DATASET SECTION START
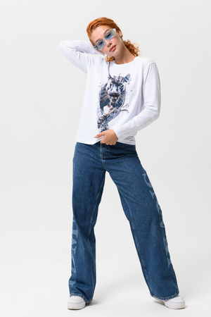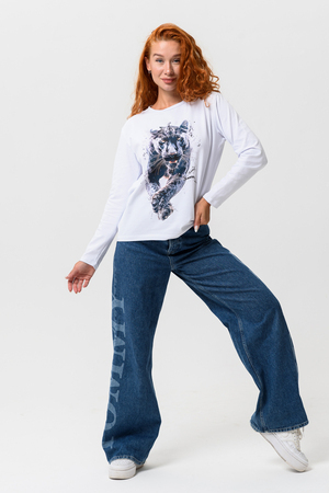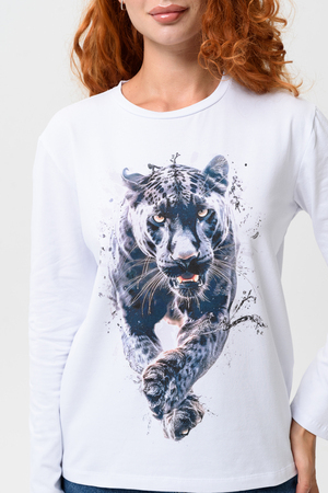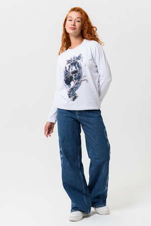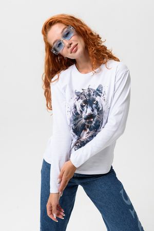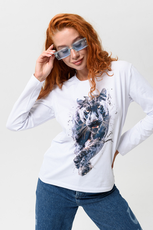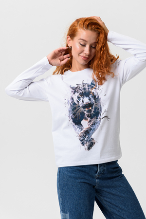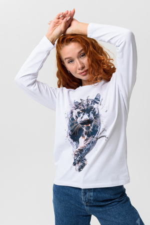 Лонгслив прямой, средней длины, с округлой горловиной. Рукав длинный. Горловина обработана обтачкой. Нанесена цифровая печать - хорошая детализация, устойчивость к стирке.
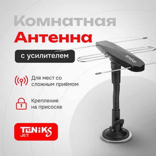 Антенна для телевизора комнатная Teniks JET с мощным усилителем 20 Дб черная
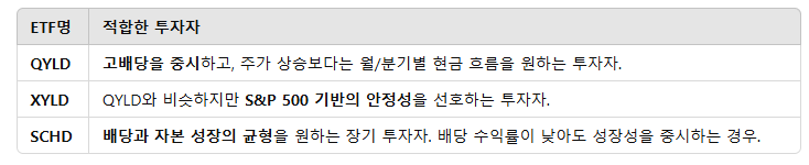 | QYLD | 나스닥 100 커버드 콜 전략 | Nasdaq-100 Index | 약 12~13% | 높은 배당, 장기적으로 주가 정체/하락 |
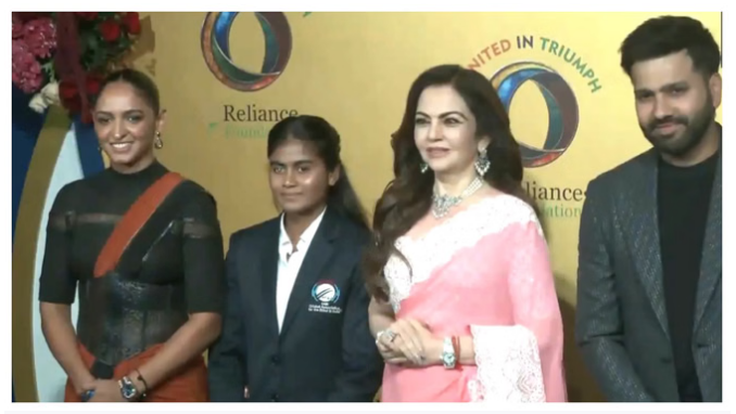 रिलायंस फाउंडेशन की संस्थापक और अध्यक्ष नीता अंबानी ने सोमवार को भारत के विश्व कप विजेताओं को सम्मानित किया। मुंबई में आयोजित इस भव्य समारोह में भारतीय महिला क्रिकेट टीम की कप्तान हरमनप्रीत कौर, भारतीय महिला दृष्टिबाधित क्रिकेट टीम की कप्तान दीपिका टीसी और पूर्व भारतीय पुरुष क्रिकेट टीम के कप्तान रोहित शर्मा सहित कई दिग्गज खिलाड़ी उपस्थित रहे। इस अवसर पर खिलाड़ियों की उपलब्धियों की सराहना की गई और उनके योगदान को देश के लिए गर्व का विषय बताया गया।
DATASET SECTION END
**DIRECTIONS FOR THIS TASK**
Print out the complete listing above exactly, dropping each image.

**RESPONSE**
 Лонгслив прямой, средней длины, с округлой горловиной. Рукав длинный. Горловина обработана обтачкой. Нанесена цифровая печать - хорошая детализация, устойчивость к стирке.
 Антенна для телевизора комнатная Teniks JET с мощным усилителем 20 Дб черная
 | QYLD | 나스닥 100 커버드 콜 전략 | Nasdaq-100 Index | 약 12~13% | 높은 배당, 장기적으로 주가 정체/하락 |
 रिलायंस फाउंडेशन की संस्थापक और अध्यक्ष नीता अंबानी ने सोमवार को भारत के विश्व कप विजेताओं को सम्मानित किया। मुंबई में आयोजित इस भव्य समारोह में भारतीय महिला क्रिकेट टीम की कप्तान हरमनप्रीत कौर, भारतीय महिला दृष्टिबाधित क्रिकेट टीम की कप्तान दीपिका टीसी और पूर्व भारतीय पुरुष क्रिकेट टीम के कप्तान रोहित शर्मा सहित कई दिग्गज खिलाड़ी उपस्थित रहे। इस अवसर पर खिलाड़ियों की उपलब्धियों की सराहना की गई और उनके योगदान को देश के लिए गर्व का विषय बताया गया।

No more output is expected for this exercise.